# Almost done with laminate, What type of molding should I use here?



## jayrod (Oct 17, 2010)

Nearing the last row on my laminate flooring, Im not exactly sure what type of molding to use to cover the gap between the floor and this metal plate thing on the door entrance. The flooring is going to slide under the white casing that you see so whatever molding is used will have to end there. What would work best and look best? Thanks!


----------



## Jaz (Oct 18, 2010)

Google Image Result for http://images.ifloor.com/products/1787543/ifloor_trans-70-75x75-se-5x5/300x300q75.jpg

It's called a threshold, the minor details may vary a bit.  It should be available in the color you bought, made by the same company.  The straight edge goes against the solid object, you pre-drill and nail into floor.  The laminate goes under this threshold leaving at least 1/4"-1/2" for expansion.  Of course it comes in thicknesses to match your application.

Jaz


----------



## DrHicks (Oct 19, 2010)

What Jaz said...


Hey - your comment, "The flooring is going to slide under the white casing that you see..." caught my eye.  

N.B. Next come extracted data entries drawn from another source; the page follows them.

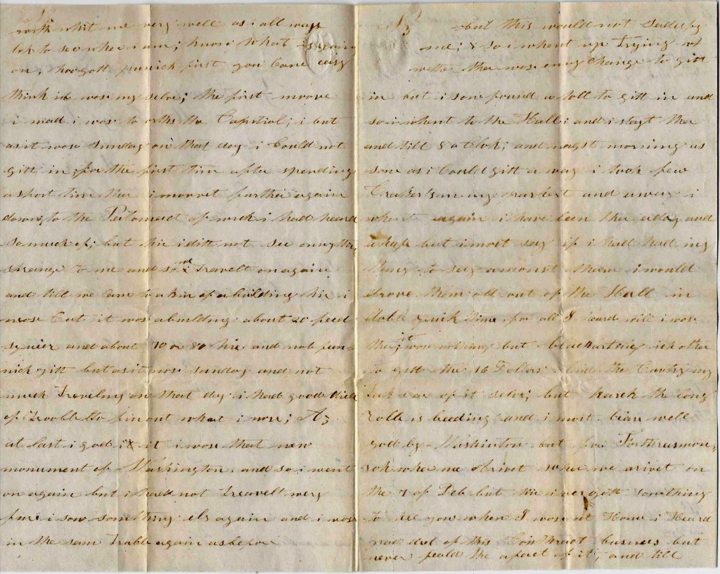 The first move I made I was towards the Capitol, but as it was Sunday on that day, I could not get in for the first time. After spending a short time there, I moved further again down to the Potomac of works I had heard so much of, but here I did not see anything strange to me and so we traveled on again until we came to a kind of a building. It was a building about 20 feet square and about 70 or 80 high and not finished yet. But as it was Sunday and not much traveling on that day, I had a good deal of trouble to find out what it was. At last I got it. It was that new monument of Washington and so I went on again. But I had not traveled very far [when] I saw something else again and I was in the same trouble again as before. But this would not satisfy me so I went up trying whether there was any change to get in, but I soon found a toll to get in and so I went to the Hall and I stopped there until 8 o’clock, and next morning as soon as I could get away, I took a few crackers in my pocket and away I went again. I have been there all day and a half but I must say if I had anything to say amongst them, I would drove them all out of the Hall in double quick time for all I heard. Well, I wrote that it were nothing but blackguarding in order to get the 16 dollars and the country may take care of itself.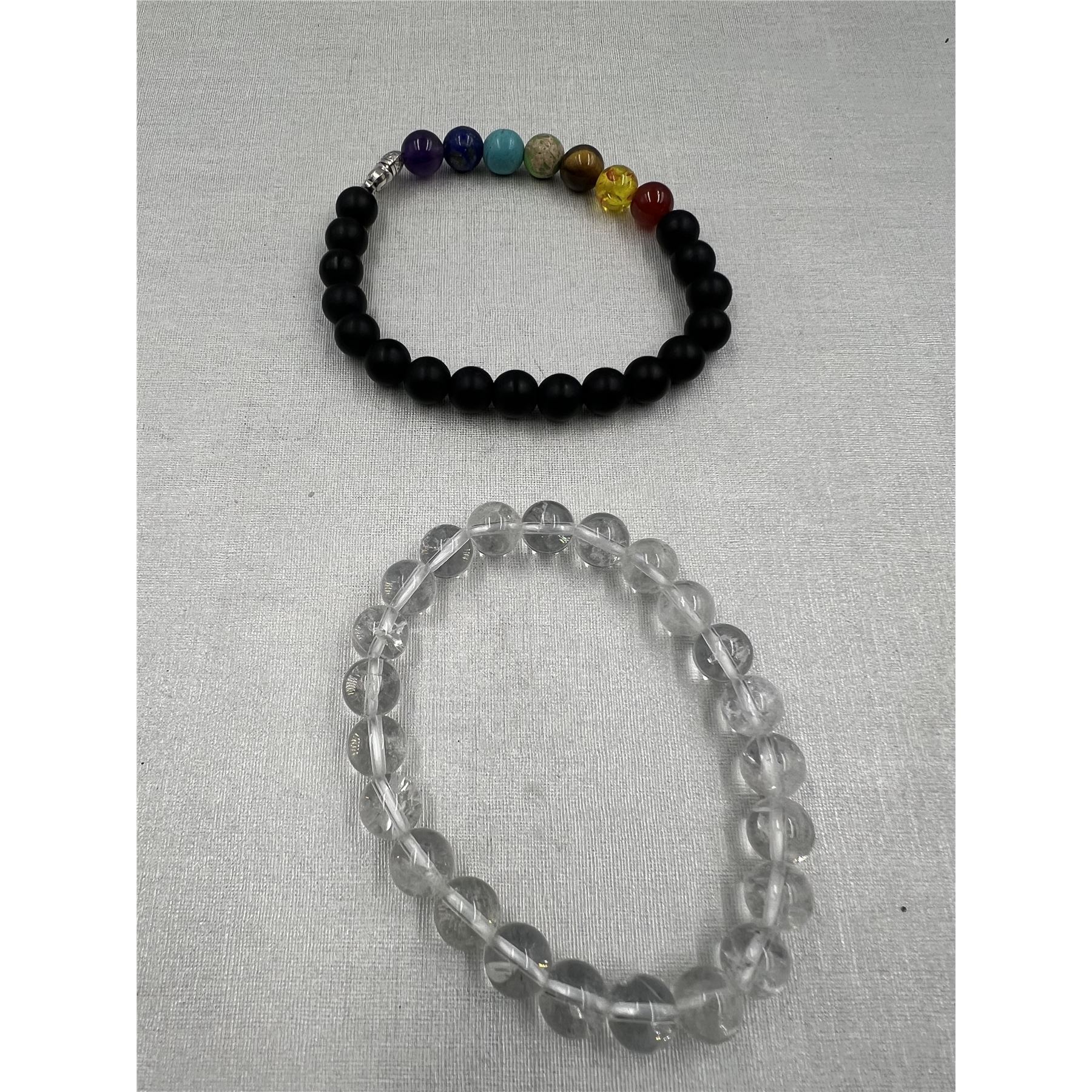 BRAND NEW CLEAR QUARTZ AND CHAKRA BRACELET 8MM .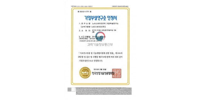 기업부설연구소 인정서

Are you sure that's going to work?  It looks like that edge of the laminate will be "coming down".  Do you have that much movement in your floor, so that you can slide the entire thing that way?

Usually the floor moulding and/or quarter-round toe-kick are installed after the laminate flooring.


----------



## jayrod (Oct 19, 2010)

^Yes it will slide under the casing. Ive done it in all the rooms so far. The quarter round or toe kick could go there but It will be sitting higher than the metal plate. Im afraid the threshold mentioned by Jaz will even sit too high causing a trip hazard. The molding that I use will need to be about half as tall as normal shoe molding.


----------



## Jaz (Oct 19, 2010)

What's a toe kick?  Do you mean the base board?  

The threshold I linked to is made for 3/8" engineered hardwood, the one to match your laminate is likely thinner.  But even if it isn't, you'll notice the bevel cut to accommodate that.  People will not trip over it, they'll get used to it.  Anything under an inch is not too much.  

The only other way is to change that metal threshold to something beveled or cut the laminate 1/4" short and caulk the gap.  

Jaz


----------



## DrHicks (Oct 20, 2010)

^ Sorry.  Toe Kick must be a redneck reference to the Quarter Round often attached to the baseboard.

Me is not very sophistimucated.


----------



## Dragerman (Dec 22, 2010)

Why would you use laminate flooring in the entrance to your house???  I would have used something more weather proof like tile or vinal.


----------



## jayrod (Dec 22, 2010)

Its a bedroom. The house has 5 entrances. Its a big house. No one ever goes in or out this way hardly.


----------



## Dragerman (Dec 23, 2010)

Looks good!!  I wasn't trying to sound too critical but I have seen what happens to laminate over time in an entrance way.


----------



## granite-girl (Dec 28, 2010)

Me too, laminate at a back door in the winter is STUPID !  I should know... but hopefully you won't have that problem if it's not used.  Why do you need any molding there ?  won't the laminate just go right under it ? Looks like there's not much room for anything else.


----------